Reducing low level influences module, is used for the voice signal after the sampling is reduced the low level influence, makes voice signal deduct intermediate value, and the voice central shaft is near zero point;

Time domain amplitude normalizing module is used for the voice time domain amplitude of the voice signal after the sampling is carried out normalization.

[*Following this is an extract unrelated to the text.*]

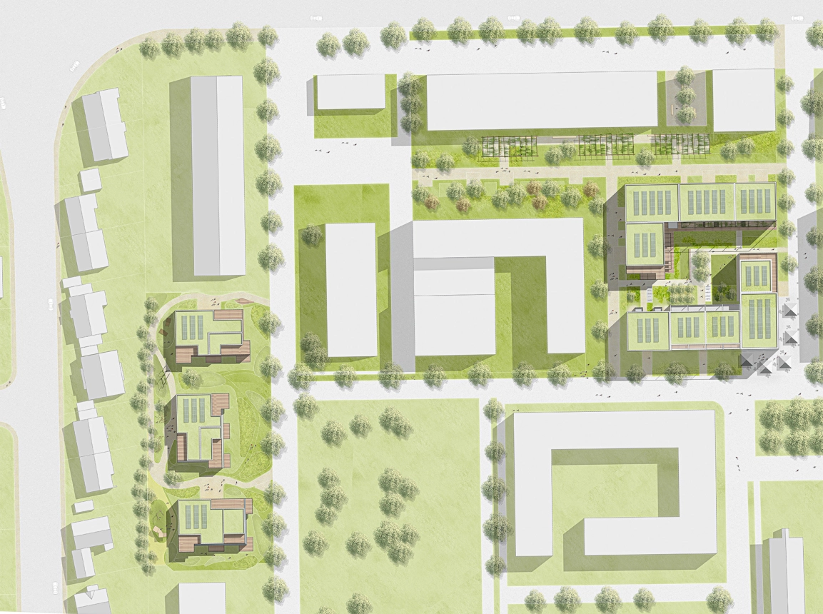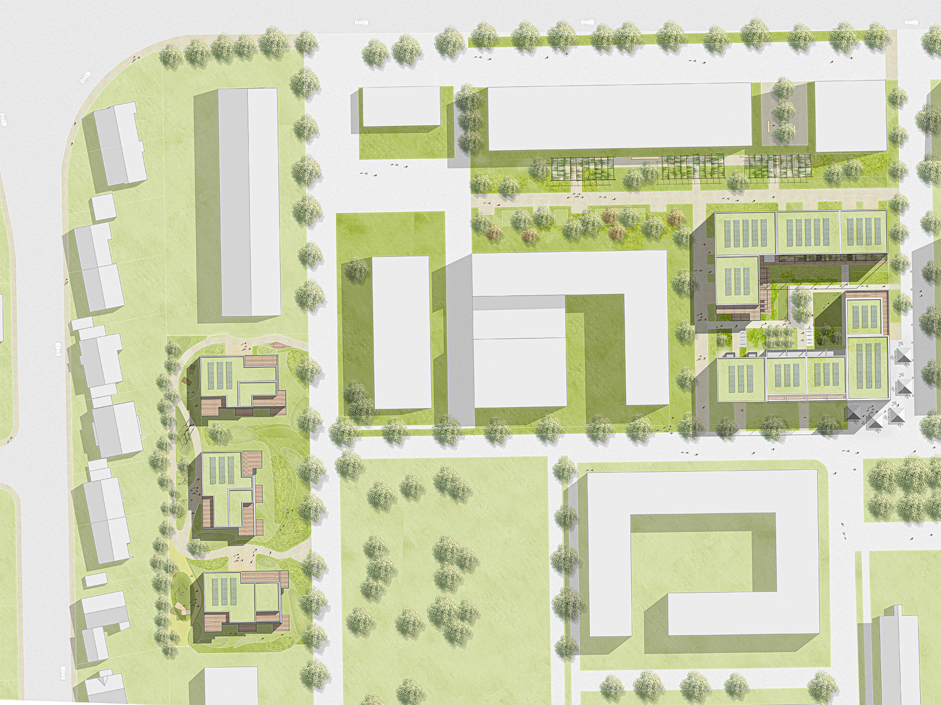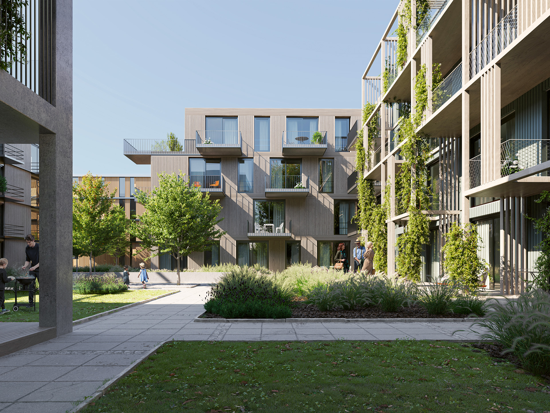 Die Konversionsfläche US-Hospital soll sich zu einem autofreien Quartier mit ausgewogenem Wohnungsangebot und hoher Aufenthaltsqualität entwickeln. Nachhaltigkeitsaspekte spielten bei dem Wettbewerbsentwurf für einen Wohnhof sowie drei Punkthäuser eine wichtige Rolle. Als Hauptbestandteil der Konstruktionen wird Holz verwendet; der hohe Grad an Vorfertigung erlaubt zudem eine deutlich verkürzte Bauzeit.

8. pick-up unit as claimed in claim 6 is characterized in that, described spectrum information entropy computing unit comprises:

The voice signal decomposing module is used for n frame R ⁿVoice signal selects for use db3 series wavelet basis function to carry out five layers of decomposition, obtains the subband signal of different frequency range;

The FFT conversion module is used for each subband signal is carried out obtaining corresponding power spectrum after the FFT conversion;

The subband signal computing module is used to calculate the energy of each subband signal, the probability of each point of each subband signal and the frequency spectrum entropy of each subband signal;

Frequency spectrum entropy smoothing processing module is used for front and back are carried out smoothing processing at a distance of the subband spectrum entropy of some frames by one group of order statistics wave filter;

Frequency spectrum entropy computing module is used to calculate the frequency spectrum entropy of every frame.

9. pick-up unit as claimed in claim 6 is characterized in that, described pick-up unit also comprises:

The threshold setting unit is used for when when speech frame enters non-speech frame, and described threshold value multiply by a coefficient by the average of getting some frame voice signal frequency spectrum entropys again and carries out self-adaptation and revise.